[논문리뷰] Learning Unsupervised Representation Learning with Deep Convolutional Generative Adversarial Networks (DCGAN)

Daehyeon Choi·2024년 2월 9일

gan 논문리뷰 생성모델 컴퓨터 비전

[논문리뷰] GAN

목록 보기

2/3

Intro

2014년 Ian Goodfellow가 GAN이라는 적대적 학습 기반의 새로운 생성 모델 프레임워크를 제안했지만, 이 방법은 representation을 비지도적으로 학습하는 Generator와 Discriminator가 간단한 형태의 MLP였다.
GAN의 architecture을 일반적으로 Image Recognition에서 많이 사용하는 CNN으로 바꾸어 성능을 개선한 연구인 'Learning Unsupervised Representation Learning with Deep Convolutional Generative Adversarial Networks(Alec & Luke et al. Arxiv) 논문을 소개한다.

Abstract & Introduction

CNN을 이용한 supervised learning은 computer vision 분야에서 널리 사용되어왔다.
그에 비해 CNN을 이용한 unsupervised learning은 상대적으로 덜 주목받아왔다.
이 연구에서 Deep Convolutional Generative Adversarial Networks (DCGAN)을 소개하고, unsupervised learning에 널리 활용될 수 있음을 주장한다.
DCGAN이 deep convolutional 구조에 의해, Generator와 Discriminator에 대해 모두 hierarchial하게 representation을 학습할 수 있음을 보인다.
더해서 novel한 task에 학습된 feature을 사용해봄으로써 representation의 applicability를 보인다.
unlabeled dataset에 대해 reusableg한 feature representation을 학습하는 것은 활발히 연구되어 왔다.
GAN은 maximum likelihood를 통한 unsupervised learning으로 이미지 생성을 학습하며, generator와 discriminator을 supervised task에 feature extractor로 활용하는 후속 연구가 있었다.
그러나 GAN은 학습이 불안정하고, 종종 nonsensical한 output을 낸다는 문제가 있다고 알려져왔다.
해당 연구에서는 다음과 같은 contribution을 갖는다.
- Convolutional GAN의 구조를 architectural topology 측면에서 contstarint한다. 이를 Deep Convolutional GAN이라고 명명한다.
- 학습된 discriminator를 image classification task에 대해 학습해서, 다른 unsupervised algorithm과 competitive한 성능을 보이게 한다.
- GAN에 의해 학습된 filter들을 시각화한다.
- Generator가 vector arithmetic property를 가지고, 이를 통해 generated sample의 semantic quality를 쉽게 manipulation할 수 있음을 보인다.

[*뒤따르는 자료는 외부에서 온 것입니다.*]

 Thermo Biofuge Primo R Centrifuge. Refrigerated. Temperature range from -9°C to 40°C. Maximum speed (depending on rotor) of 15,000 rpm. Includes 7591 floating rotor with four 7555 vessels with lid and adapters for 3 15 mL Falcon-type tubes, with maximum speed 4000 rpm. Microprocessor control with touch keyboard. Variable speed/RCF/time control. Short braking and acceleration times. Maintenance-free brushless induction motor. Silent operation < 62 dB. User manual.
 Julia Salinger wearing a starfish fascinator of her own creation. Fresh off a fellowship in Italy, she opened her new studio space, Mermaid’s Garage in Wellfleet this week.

2.1 Representation Learning from Unlabeled Data
2.2 Generating Natural Images
2.3 Visualizing The Internals of CNNs

고전적인 논문이므로 Related Work는 생략. 배경 지식이 없어도 GAN과 CNN에 대한 이해만 있다면 쉽게 이해할 수 있다.

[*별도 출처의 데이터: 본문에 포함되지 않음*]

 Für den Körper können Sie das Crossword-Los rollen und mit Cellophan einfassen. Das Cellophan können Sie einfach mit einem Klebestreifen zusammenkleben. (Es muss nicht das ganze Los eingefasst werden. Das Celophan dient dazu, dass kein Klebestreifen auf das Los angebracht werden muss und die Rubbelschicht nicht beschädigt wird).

3. Approach and Model Architecture

지금까지 CNN을 사용해서 GAN을 scale up하려는 시도는 있었으나, 성공적이지 못했다.
여러 시도를 통해 stable한 학습과, 더 깊은 generative model, higher resolution에 대한 Image Synthesis를 가능하게 하는 model architecture을 찾는 데 성공했다.
성공의 핵심 요인은 총 3가지이다.

첫 번째로, deterministic spatial pooling function (e.g. maxpooling)을 strided convolution으로 대체하여, network가 고유한 spatial downsampling을 학습할 수 있게 한다.
- 이를 통해 generator를 strided downsampling을, discriminator는 spatial upsampling을 학습할 수 있도록 했다.
두 번째로, convolutional feature의 맨 끝에 대해 원래는 fully connected layer을 많이 사용했지만, 이를 제거하는 것이 trend가 되었다.
- 이를 Global Average Pooling으로 대체하여 성공했던 시도가 있었지만, GAP를 사용하는 것이 stability는 높이는 반면 convergence speed를 해친다는 것을 발견했다.
- GAN의 첫 layer에서는 noise distribution $Z$ 를 입력으로 받아 matrix multiplication (FC) 하지만, 결과는 4-dimensional tensor로 reshape된 뒤 convolution layer의 첫 입력으로 들어간다.
- Discriminator의 마지막 output을 flatten 연산한 뒤 sigmoid를 거쳐 output으로 나온다.
세 번째로, Batch Normalization을 적용했다.
- Input을 batch 단위로 normalize하여 각 unit이 zero mean, unit variance를 갖도록 함으로써 poor initialization로 인해 생기는 training problem을 해결해준다.
- Deep Generator가 학습을 시작하는 데 중요한 (긍정적인) 영향을 끼치고, 학습이 collapse(붕괴)되는 걸 방지해준다.
- 한편, 모든 layer에 batchnorm을 적용하는 것은 학습을 불안정하게 하고 sample oscillation을 일으킨다는 문제가 있었다. 일부 layer (Generator output, Discriminator Input layer)에서 batch normalization을 제거함으로써 해결할 수 있었다.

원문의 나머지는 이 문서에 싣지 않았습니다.